Jsun Yui Wong
The computer program listed below seeks to solve the following nonlinear Diophantine equation from Abraham, Sanyal, and Sanglikar [1]:
5*X(1)^5 + 9*X(2)^3 + 3*X(3)^2 + 7*X(4)^2 + 2*X(5)^2 = 60500.
0 DEFDBL A-Z
3 DEFINT J, K
4 DIM X(32768), A(32768), P(32768), K(32768)
5 FOR JJJJ = -32000 TO 32000
14 RANDOMIZE JJJJ
16 M = -1D+50
91 FOR KK = 1 TO 5
94 A(KK) = FIX(1 + RND * 20)
95 NEXT KK
128 FOR I = 1 TO 10000 STEP 1
129 FOR K = 1 TO 5
131 X(K) = A(K)
132 NEXT K
155 FOR IPP = 1 TO FIX(1 + RND * 3)
181 B = 1 + FIX(RND * 5)
183 REM R = (1 - RND * 2) * A(B)
188 REM IF RND < .2 THEN X(B) = FIX(A(B) + RND * R) ELSE IF RND < .25 THEN X(B) = FIX(A(B) + RND ^ 3 * R) ELSE IF RND < .333 THEN X(B) = FIX(A(B) + RND ^ 5 * R) ELSE IF RND < .5 THEN X(B) = FIX(A(B) + RND ^ 7 * R) ELSE X(B) = FIX(A(B) + RND ^ 9 * R)

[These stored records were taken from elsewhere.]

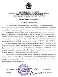- См. Выписку из протокола № 014 от 25.08.2005 Комиссии по народной медицине при правительстве Москвы об отнесении метода Рэйки к методам народной медицины.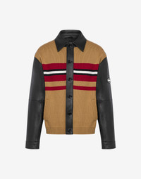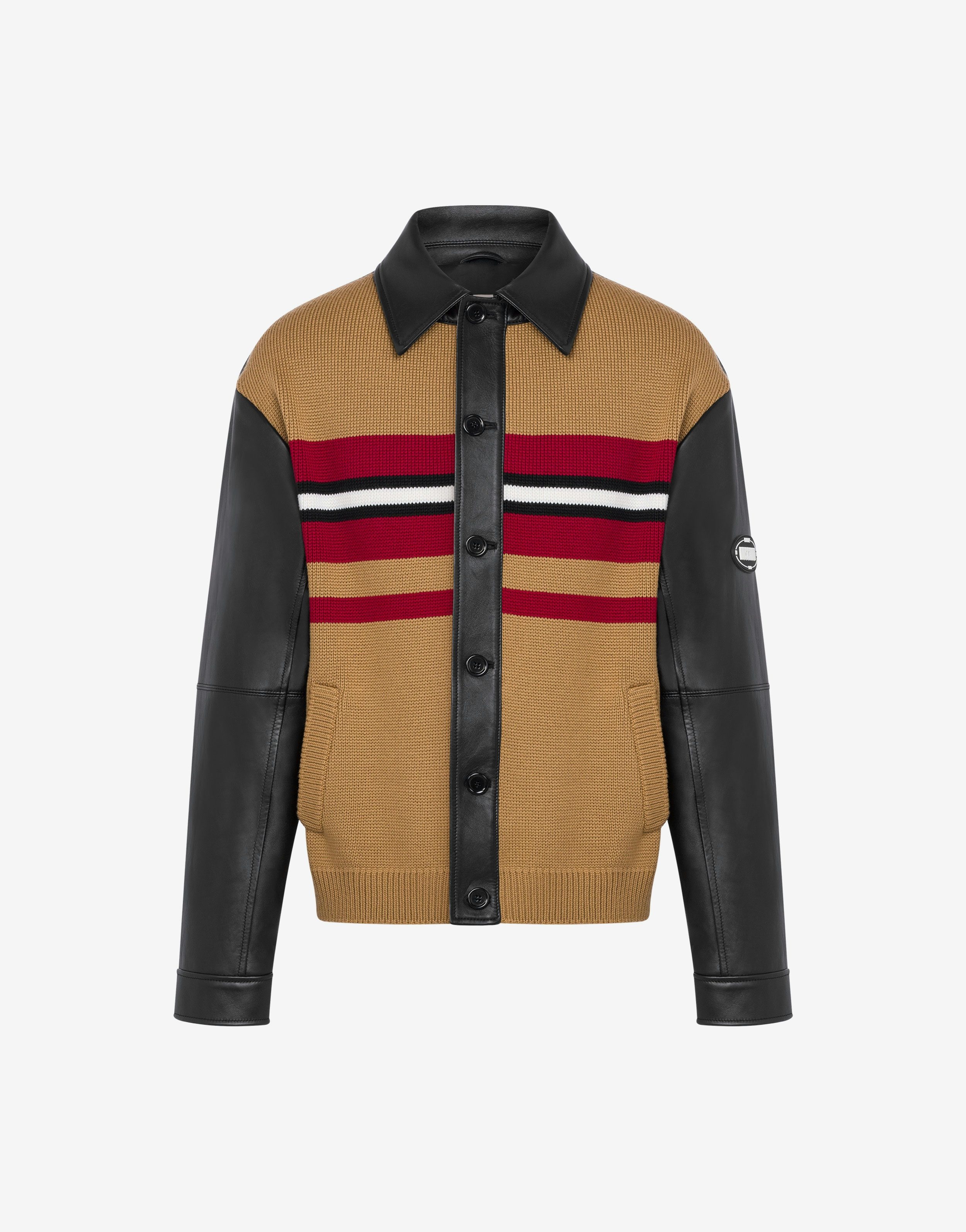 NAPPA LEATHER AND KNITTED JACKET WITH MULTICOLOUR STRIPED INLAYS AND RUBBERISED OVAL LOGO ON THE SLEEVE. REGULAR FIT DROPPED SHOULDERS TWO SIDE POCKETS FRONT BUTTON FASTENING FABRIC: 100% SHEEPSKIN LINING: 100% VISCOSE CODE: AEF242ZR370470703555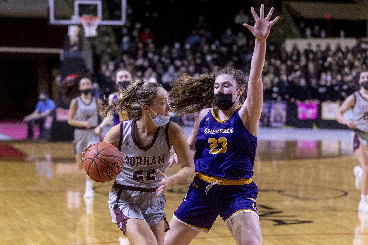 Cheverus’ Maddie Fitzpatrick guards Gorham’s Anna Nelson as she makes her way toward the hoop. Brianna Soukup/Staff Photographer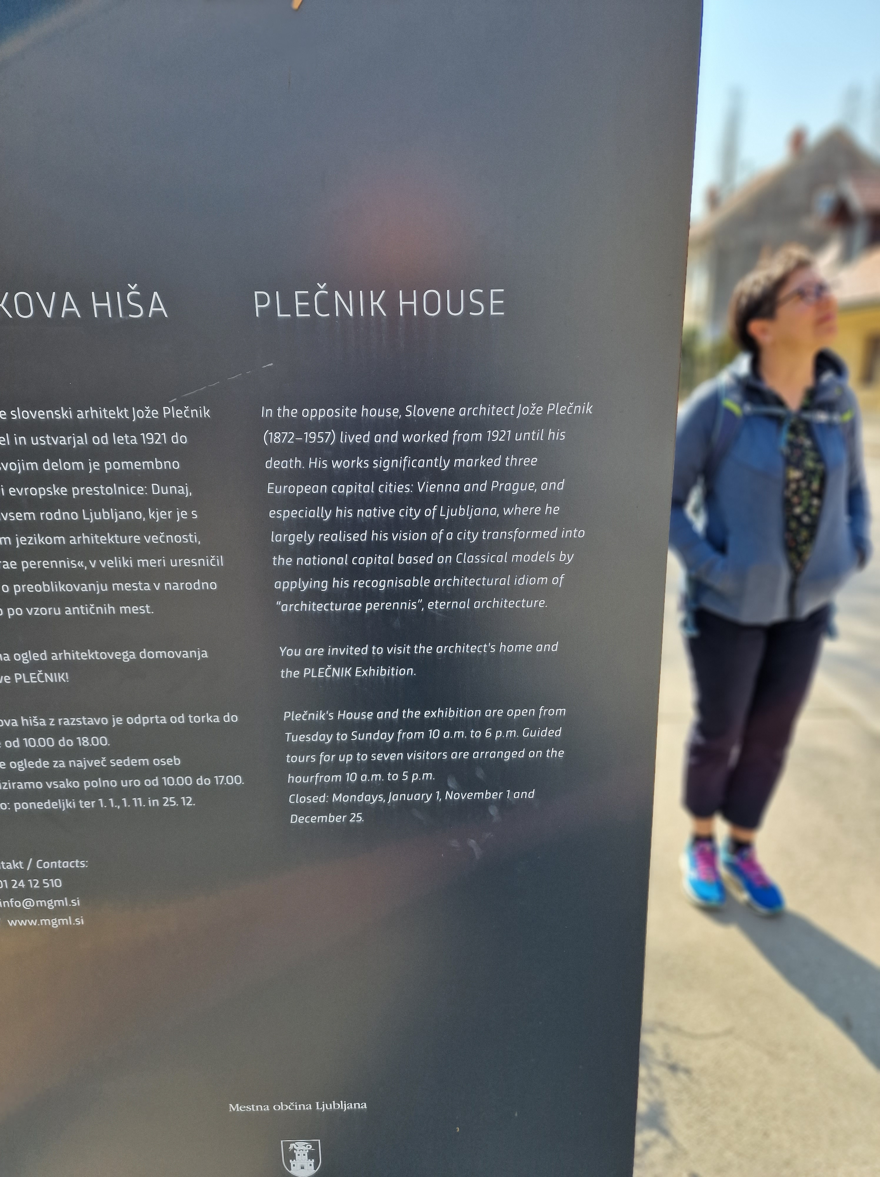Već sam nekoliko puta spomenuo Jožeta Plečnika, jer u planu je bio i obilazak njegove kuće, s obzirom na njegovu važnost za modernu Ljubljanu, no baš ponedjeljkom je kuća zatvorena za posjete. Jože Plečnik (23. siječnja 1872. – 7. siječnja 1957.) bio je slovenski arhitekt koji je imao veliki utjecaj na modernu arhitekturu Beča, Praga i Ljubljane, glavnog grada Slovenije, ponajviše projektirajući kultni Tromost i zgradu Slovenske nacionalne i sveučilišne knjižnice, kao i nasipe uz rijeku Ljubljanicu, zgrade ljubljanske centralne tržnice, ljubljansko groblje, parkove, trgove itd. Njegov arhitektonski otisak na Ljubljani uspoređen je s utjecajem Antoni Gaudí je imao na Barceloni. Njegov stil povezuje se sa stilom arhitekture bečke secesije. Osim u Ljubljani, radio je u Beču, Beogradu i na Praškom dvorcu. Utjecao je na avangardni češki kubizam. Također je jedan od osnivača Ljubljanske arhitektonske škole, a pridružio joj se na poziv Ivana Vurnika, još jednog poznatog ljubljanskog arhitekta.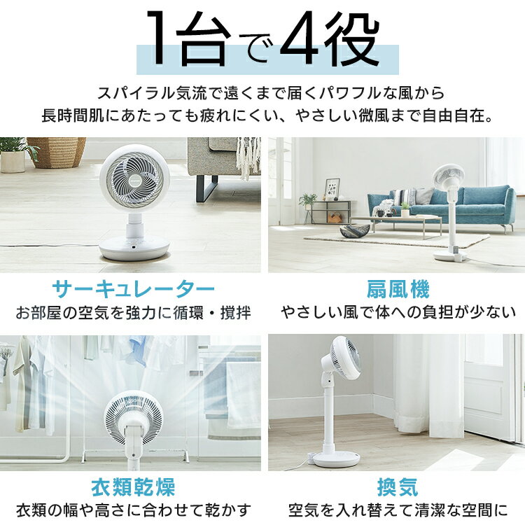 ●商品サイズ(cm)幅約24.7×奥行約27.7×高さ約36.9〜61.2(停止時、電源コード含まず)●本体質量約2.6kg●電源AC100V、50/60Hz●消費電力25W●適用床面積24畳●風力切替連続モード:10段階リズムモード:3段階●送風モード連続・リズム・強制撹拌●首振り上下左右(60°・90°・120°)●タイマー入/切●電源コード長さ約1.7m(検索用:コンパクト サーキュレーター 扇風機 送風 部屋干し 室内干し 空気循環 タイマー 4967576528245)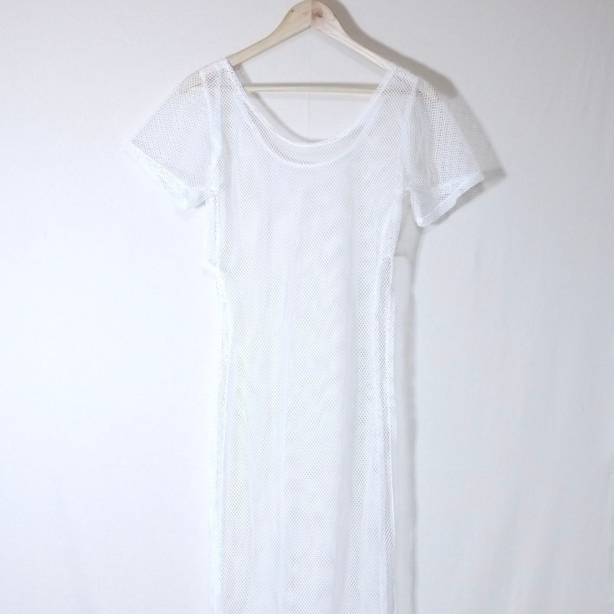 ホワイトカラーのメッシュワンピース。
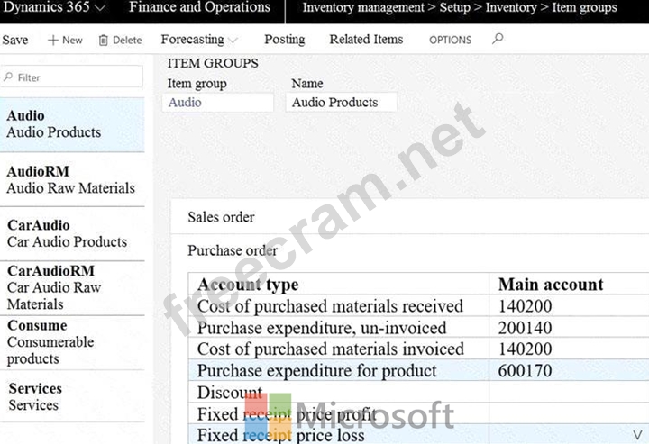The Audio Item group posting for a purchase order is configured as shown: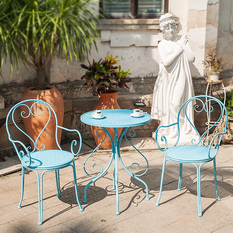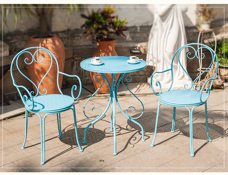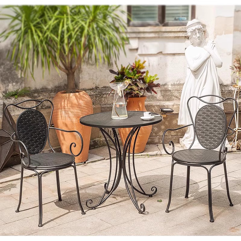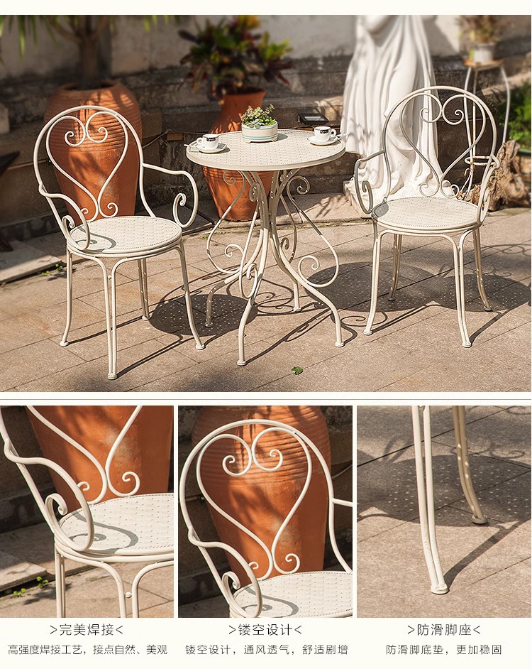 シンプルな鉄芸ベランダのテーブルと椅子の組み合わせ三点セット庭室内レジャーカフェのミルクティー店のお茶のテーブル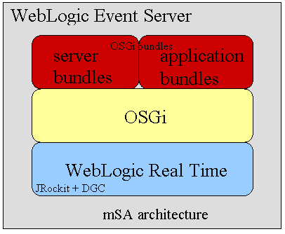 就其本质而言,WebLogic Event Server是一个基于BEA微服务架构(microServices Architecture,mSA)的、模块化的轻量级应用服务器。图2是Event Server软件栈的高级结构图。图2显示Event Server运行于BEA的实时JVM之上,该实时JVM提供了确定性垃圾收集机制(deterministic garbage collection,DGC)。这种平台适合在确定性行为和低延时方面具有苛刻要求的应用程序,比如说各种财务应用程序。但是,Event Server是纯Java应用程序,因此它也可以运行在其他JVM之上。
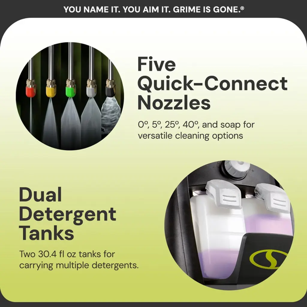 The Sun Joe SPX3000 pressure washer delivers it all to tackle a variety of cleaning tasks for homes, buildings, RVs, cars, trucks, boats, decks, driveways, patios, lawn equipment, and more. This power washer packs a powerful punch with its 1800-Watt and 14.5-amp motor with the ability to remove tar and grease from concrete, heavy mildew stains, oil stains, rust from steel, caked mud on equipment, and other stubborn gunk and grime Equipped with a dual detergent tank system, this corded pressure washer carries and stores 2 different types of detergent simultaneously in its (2) 0.9 L onboard, removable detergent tanks. Conveniently switch between different detergents with its detergent selection dial and blast away all sorts of grime. Featuring a 34-inch extension spray wand to access hard-to-reach areas, you can wash high and low places, such as 2-story buildings and the undersides of automotive vehicles and lawn equipment. Plus, the powerwasher rear wheels provide easy portability around your yard. Tailor the pressure output of the spray to your cleaning needs with the 5 Quick-Connect spray nozzles. A 20-foot high-pressure hose, 35-foot power cord, garden hose adapter, and a TSS (Total Stop System) trigger are included. Wash away grit and grime with power and precision using the Sun Joe SPX3000 Pressure Washer.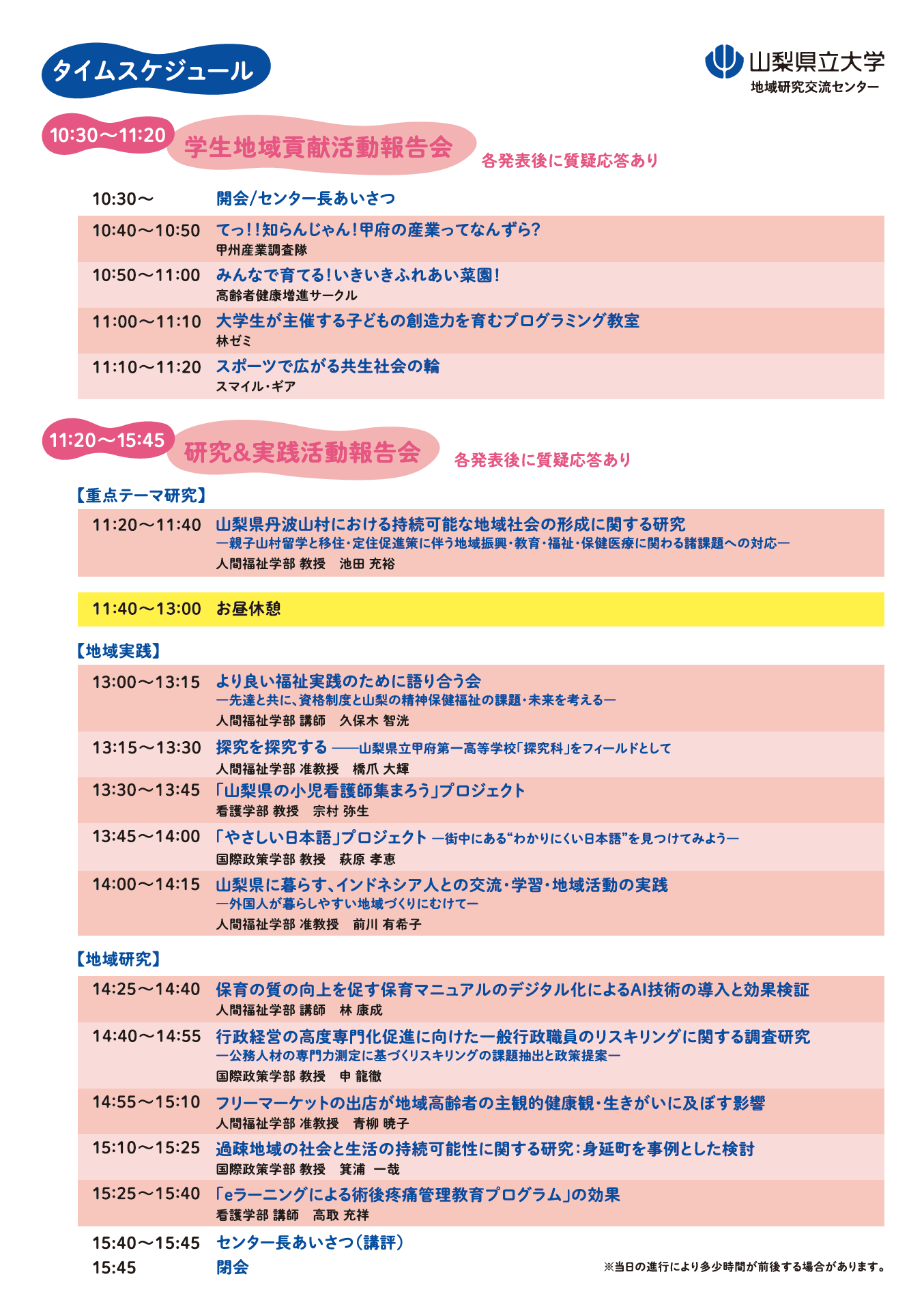 令和7年度山梨県立大学地域研究交流センター成果報告会開催のお知らせ(R8/3/18)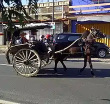 Bendi is a local name for horse-drawn cart, and can be a second option to go around Tomohon. Just like mikrolet, bendi also operates on set limited routes. Only from Tomohon city centre to areas such as Matani, Walian, Kamasi, and Kolongan. This bendi is the old transportation along with cow cart called Roda Sapi. While bendi served for public transportation in the city, roda sapi served the route to the farm or rice fields. The fare for a trip by bendi is Rp 5,000 per person (as of October 2018), and can be chartered up to 4 hours to go around Tomohon area.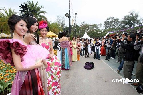 三月十二日,應屆香港小姐陳倩揚、高海寧、馬賽盛裝打扮,在香港維園花展內為“萬花喜迎東亞運”攝影比賽當日造型模特,活動吸引數百影友入場拍攝。中新社發 洪少葵 攝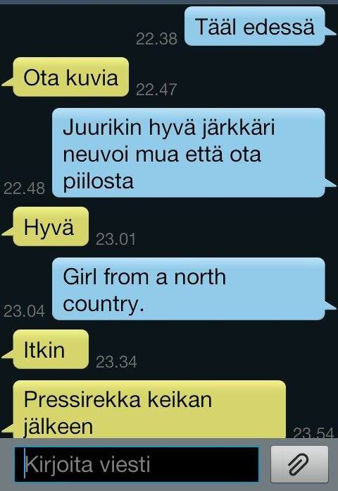 – Jumalauta, kun olis nähnyt tyyliin sen Times they are a-changing Bobin.

191 IF RND < .5 THEN X(B) = CINT(A(B) - 1) ELSE X(B) = CINT(A(B) + 1)
199 NEXT IPP
262 PZ = -ABS(5 * X(1) ^ 5 + 9 * X(2) ^ 3 + 3 * X(3) ^ 2 + 7 * X(4) ^ 2 + 2 * X(5) ^ 2 - 60500)
1111 P = PZ
1451 IF P <= M THEN 1670
1657 FOR KEW = 1 TO 5
1658 A(KEW) = X(KEW)
1659 NEXT KEW
1661 M = P
1670 NEXT I
1890 IF M < 0 THEN 1999
1911 PRINT A(1), A(2), A(3), A(4), A(5), M, JJJJ
1999 NEXT JJJJ
This computer program was run with qb64v1000-win [21]. Copied by hand from the screen, the computer program’s complete output through JJJJ= -31854 is shown below.
6 13 16 9 16
0 -31993
6 13 -3 -6 28
0 -31986
6 13 19 6 16
0 -31967
5 17 -8 8 -3
0 -31962
6 13 3 6 28
0 -31888
6 12 17 27 7
0 -31873
6 13 9 6 26
0 -31854
Above there is no rounding by hand; it is just straight copying by hand from the screen.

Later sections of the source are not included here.